● **Work instructions**: The data below holds a line containing "mechanische Setzerkombinationen |" and a line containing "Der perfekte Akzent"; please quote exactly those two lines and every line between them, and nothing else.

● **Source material**:
============================================================

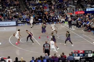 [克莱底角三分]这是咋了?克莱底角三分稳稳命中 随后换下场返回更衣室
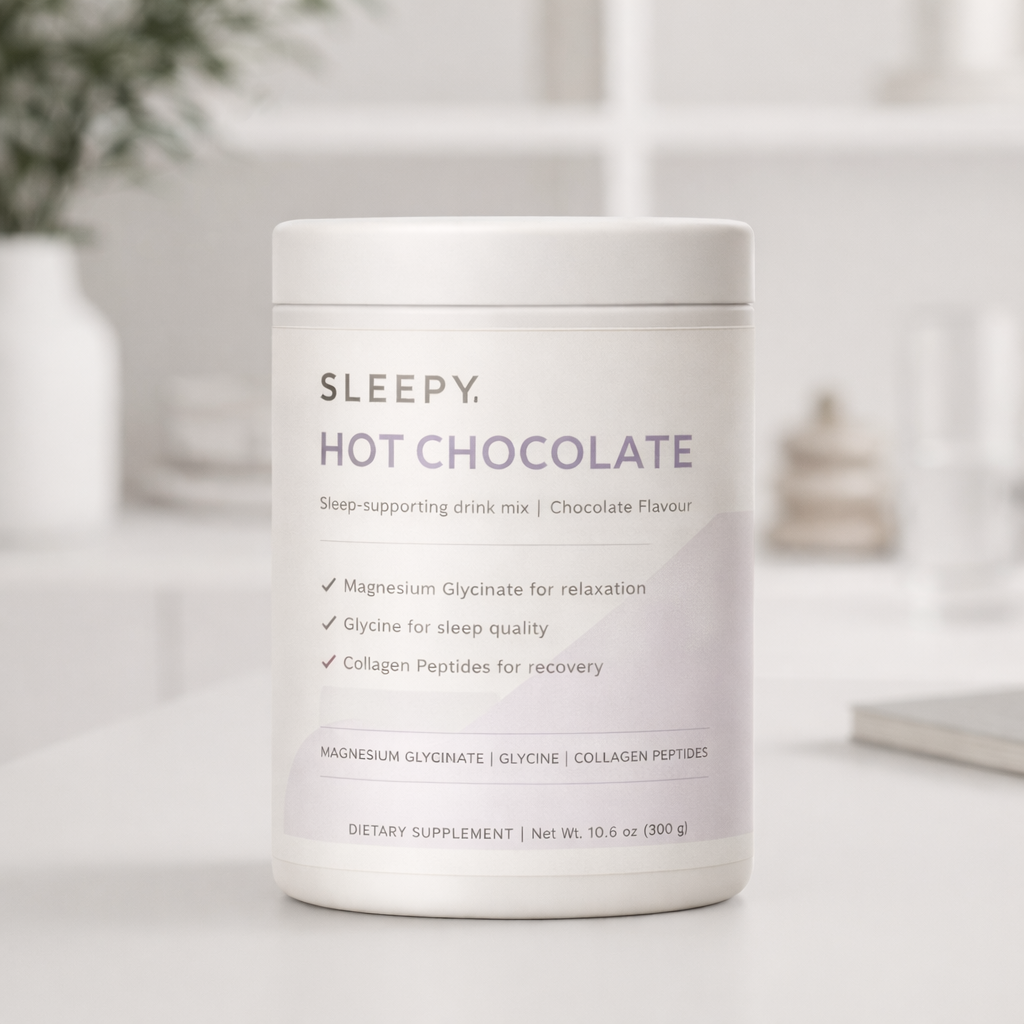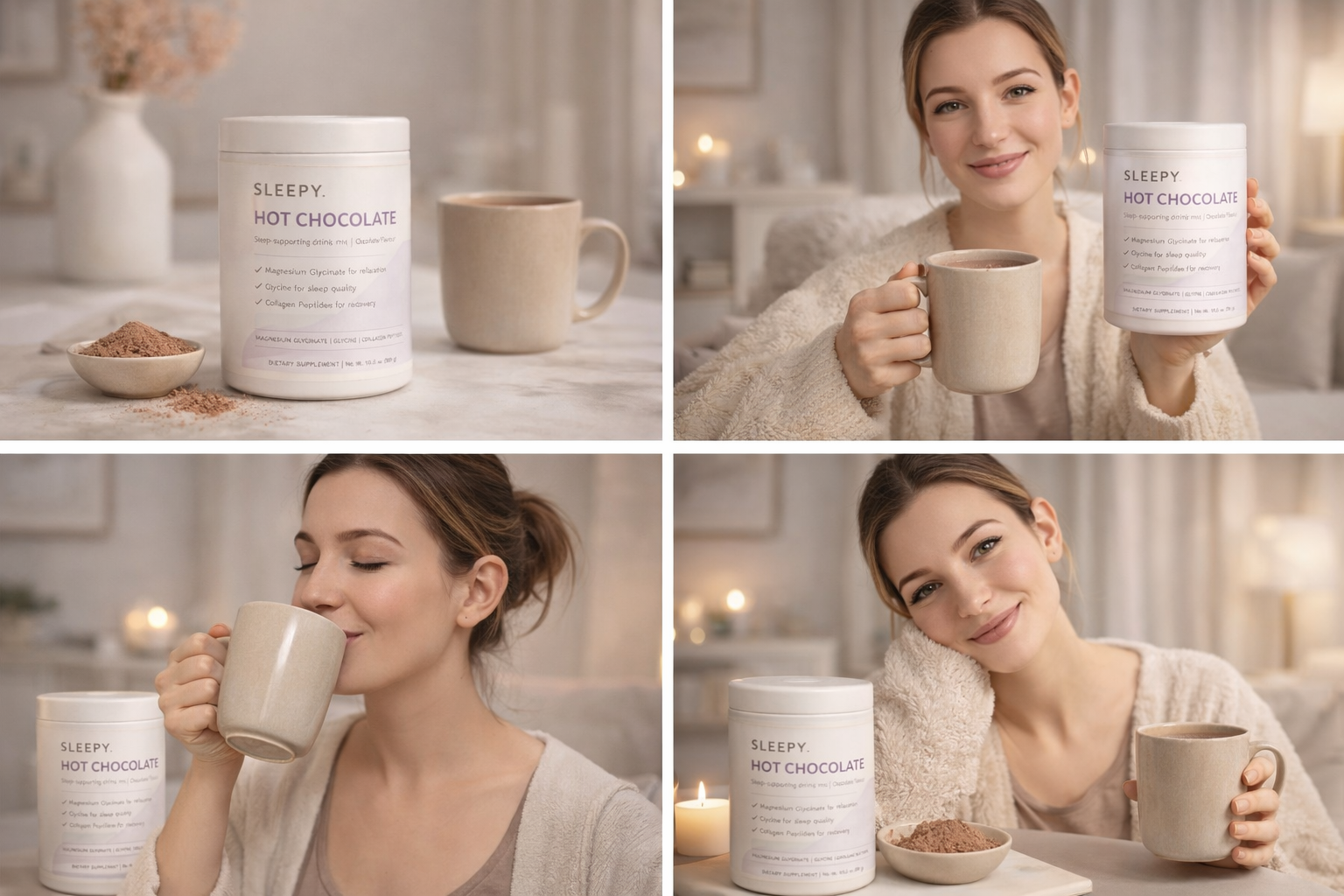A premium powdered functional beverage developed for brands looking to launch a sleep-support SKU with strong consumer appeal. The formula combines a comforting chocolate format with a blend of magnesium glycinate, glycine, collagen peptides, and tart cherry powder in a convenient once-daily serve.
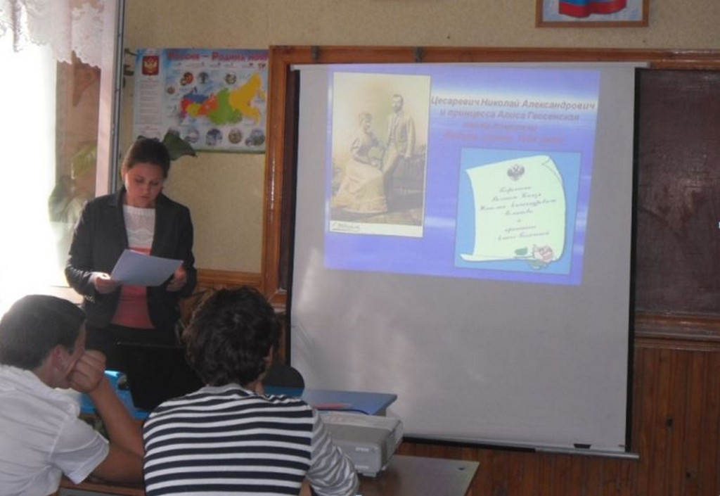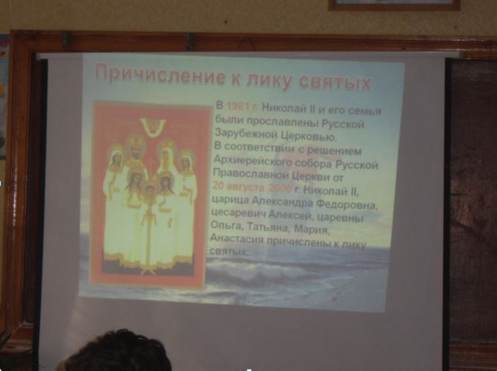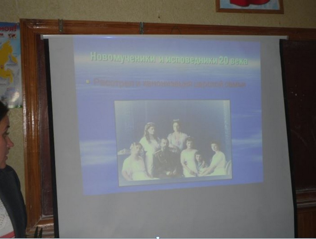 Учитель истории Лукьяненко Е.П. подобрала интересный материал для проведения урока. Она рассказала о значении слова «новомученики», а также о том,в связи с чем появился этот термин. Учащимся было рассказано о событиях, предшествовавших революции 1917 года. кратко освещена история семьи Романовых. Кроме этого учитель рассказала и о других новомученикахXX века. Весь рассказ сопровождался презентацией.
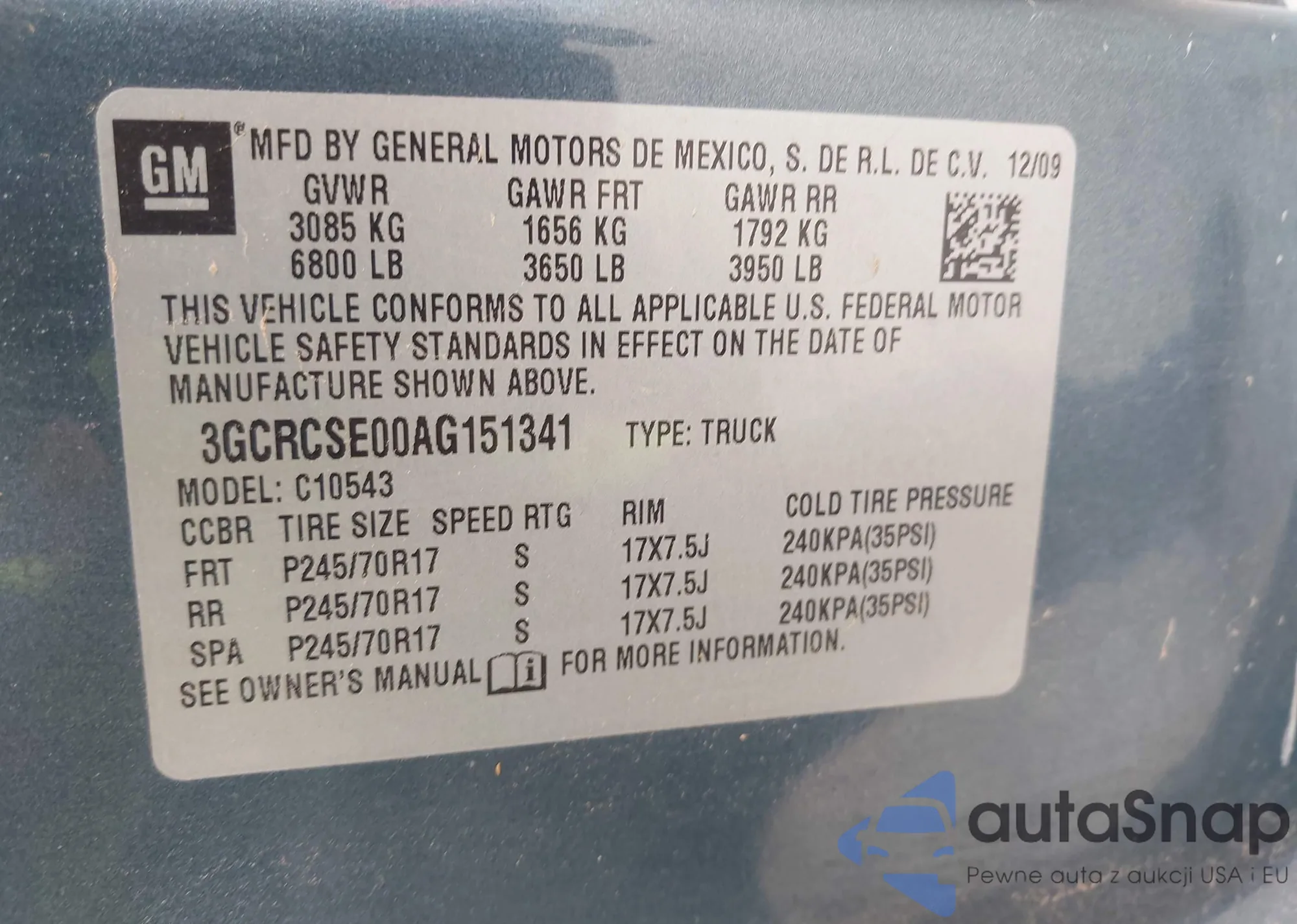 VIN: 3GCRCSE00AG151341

============================================================

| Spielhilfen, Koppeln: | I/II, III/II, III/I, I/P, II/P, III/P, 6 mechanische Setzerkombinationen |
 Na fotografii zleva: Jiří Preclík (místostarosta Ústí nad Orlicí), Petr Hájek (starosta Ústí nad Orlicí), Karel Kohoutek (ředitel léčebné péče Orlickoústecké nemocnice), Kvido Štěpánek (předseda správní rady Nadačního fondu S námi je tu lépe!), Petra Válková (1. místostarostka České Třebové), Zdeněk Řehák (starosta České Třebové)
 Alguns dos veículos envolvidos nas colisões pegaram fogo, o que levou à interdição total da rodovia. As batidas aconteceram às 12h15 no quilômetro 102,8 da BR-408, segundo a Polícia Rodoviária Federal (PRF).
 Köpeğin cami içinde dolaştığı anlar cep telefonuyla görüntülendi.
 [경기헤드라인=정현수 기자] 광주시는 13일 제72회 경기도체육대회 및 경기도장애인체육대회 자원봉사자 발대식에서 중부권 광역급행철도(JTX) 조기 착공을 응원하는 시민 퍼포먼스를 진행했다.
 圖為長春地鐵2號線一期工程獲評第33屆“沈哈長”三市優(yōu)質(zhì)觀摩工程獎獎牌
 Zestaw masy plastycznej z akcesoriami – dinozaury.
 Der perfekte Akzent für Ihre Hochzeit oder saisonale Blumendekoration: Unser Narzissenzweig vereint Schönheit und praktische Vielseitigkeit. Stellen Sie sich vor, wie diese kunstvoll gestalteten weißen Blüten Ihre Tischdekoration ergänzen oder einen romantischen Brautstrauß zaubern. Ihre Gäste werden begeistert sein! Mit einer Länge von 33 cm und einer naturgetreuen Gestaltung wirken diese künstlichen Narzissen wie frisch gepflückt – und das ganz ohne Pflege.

============================================================

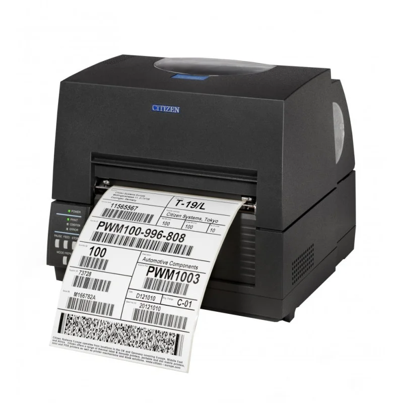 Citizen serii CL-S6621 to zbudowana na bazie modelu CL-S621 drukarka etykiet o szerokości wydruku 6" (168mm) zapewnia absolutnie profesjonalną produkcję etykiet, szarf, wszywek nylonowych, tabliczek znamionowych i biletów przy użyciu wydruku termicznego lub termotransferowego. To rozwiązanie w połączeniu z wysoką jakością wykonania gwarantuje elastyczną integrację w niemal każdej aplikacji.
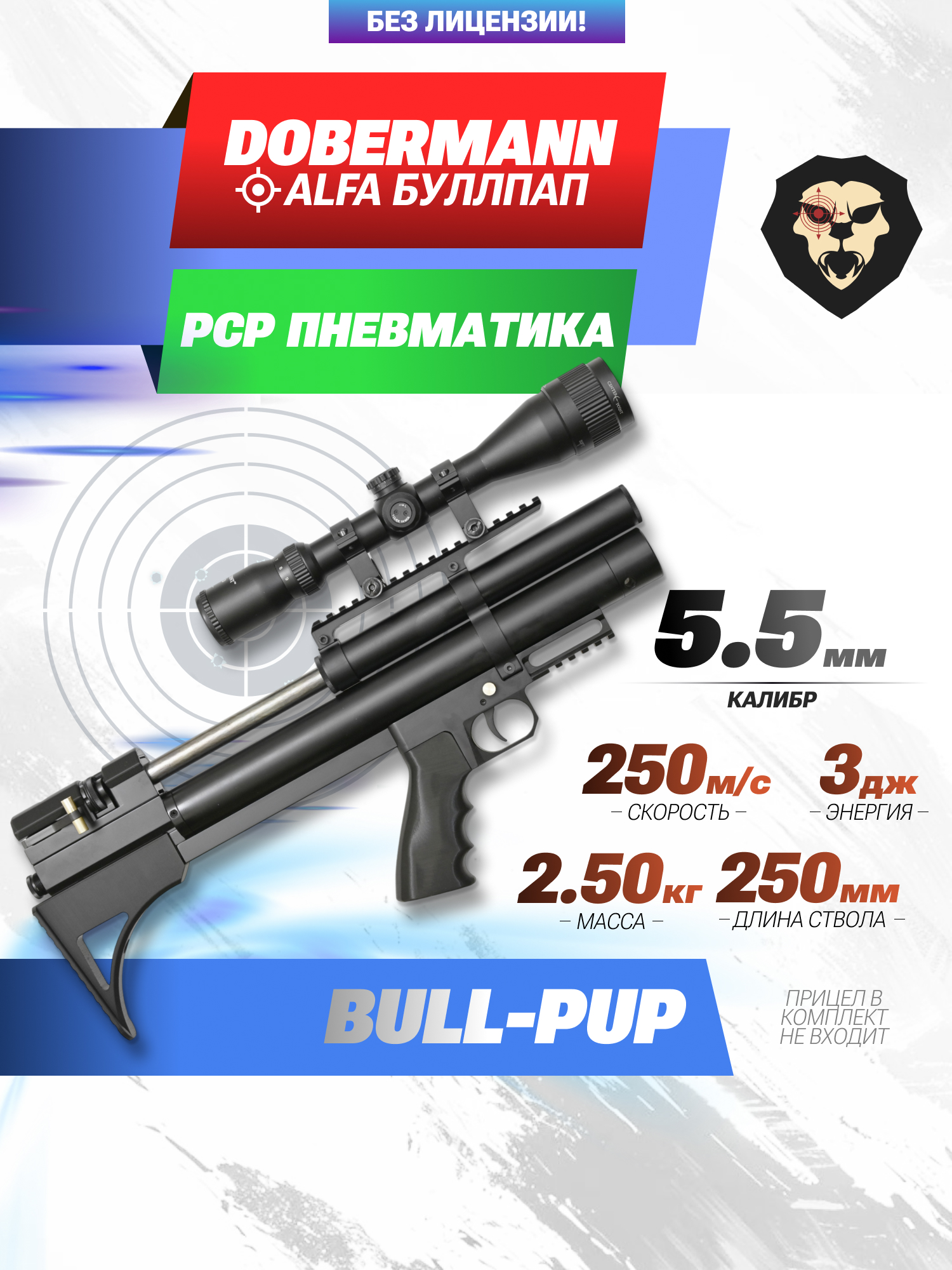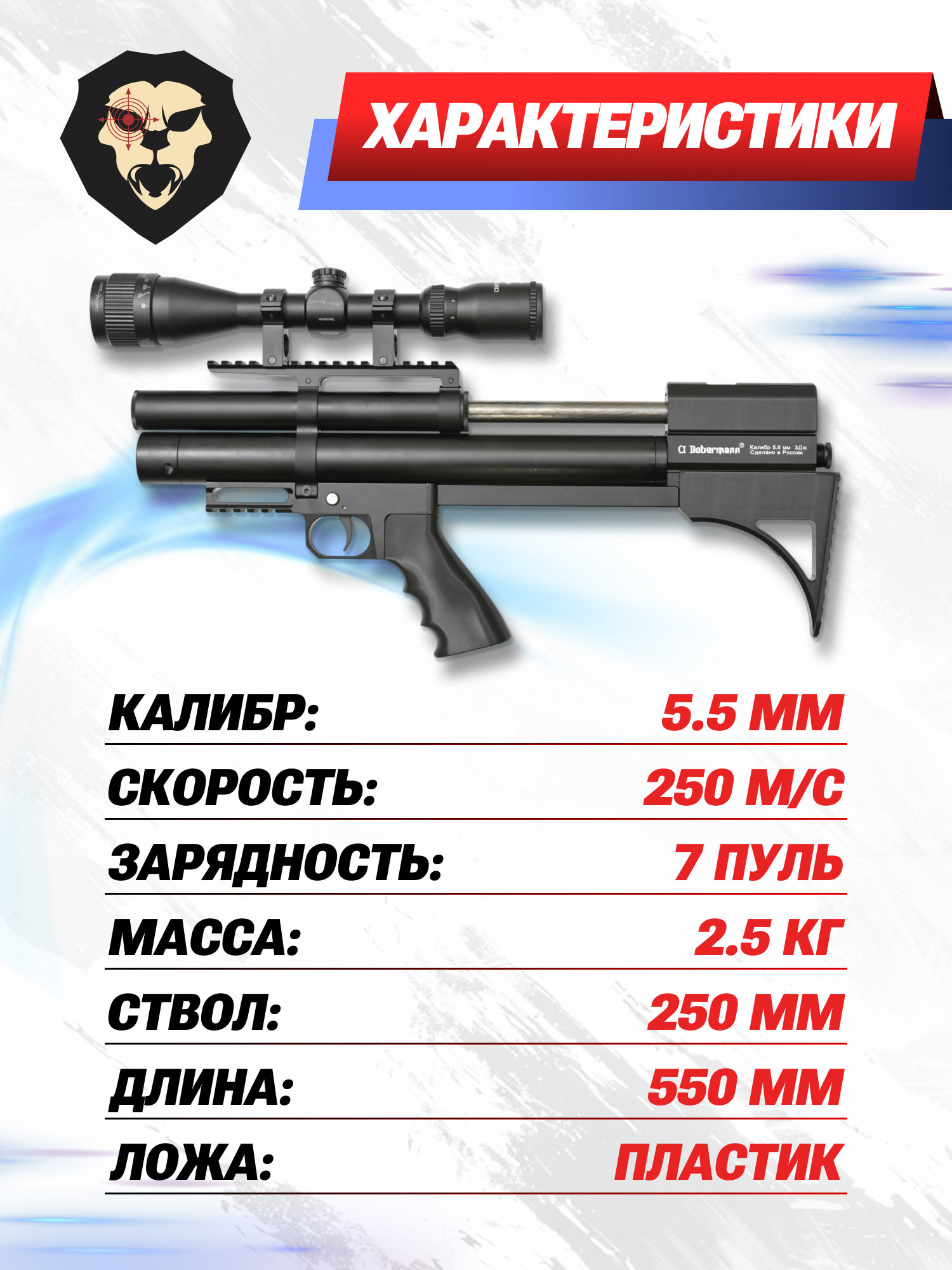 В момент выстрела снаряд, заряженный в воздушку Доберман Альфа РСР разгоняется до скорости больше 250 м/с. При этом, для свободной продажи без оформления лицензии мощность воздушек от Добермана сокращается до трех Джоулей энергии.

============================================================

● **Result for this task**:
| Spielhilfen, Koppeln: | I/II, III/II, III/I, I/P, II/P, III/P, 6 mechanische Setzerkombinationen |
 Na fotografii zleva: Jiří Preclík (místostarosta Ústí nad Orlicí), Petr Hájek (starosta Ústí nad Orlicí), Karel Kohoutek (ředitel léčebné péče Orlickoústecké nemocnice), Kvido Štěpánek (předseda správní rady Nadačního fondu S námi je tu lépe!), Petra Válková (1. místostarostka České Třebové), Zdeněk Řehák (starosta České Třebové)
 Alguns dos veículos envolvidos nas colisões pegaram fogo, o que levou à interdição total da rodovia. As batidas aconteceram às 12h15 no quilômetro 102,8 da BR-408, segundo a Polícia Rodoviária Federal (PRF).
 Köpeğin cami içinde dolaştığı anlar cep telefonuyla görüntülendi.
 [경기헤드라인=정현수 기자] 광주시는 13일 제72회 경기도체육대회 및 경기도장애인체육대회 자원봉사자 발대식에서 중부권 광역급행철도(JTX) 조기 착공을 응원하는 시민 퍼포먼스를 진행했다.
 圖為長春地鐵2號線一期工程獲評第33屆“沈哈長”三市優(yōu)質(zhì)觀摩工程獎獎牌
 Zestaw masy plastycznej z akcesoriami – dinozaury.
 Der perfekte Akzent für Ihre Hochzeit oder saisonale Blumendekoration: Unser Narzissenzweig vereint Schönheit und praktische Vielseitigkeit. Stellen Sie sich vor, wie diese kunstvoll gestalteten weißen Blüten Ihre Tischdekoration ergänzen oder einen romantischen Brautstrauß zaubern. Ihre Gäste werden begeistert sein! Mit einer Länge von 33 cm und einer naturgetreuen Gestaltung wirken diese künstlichen Narzissen wie frisch gepflückt – und das ganz ohne Pflege.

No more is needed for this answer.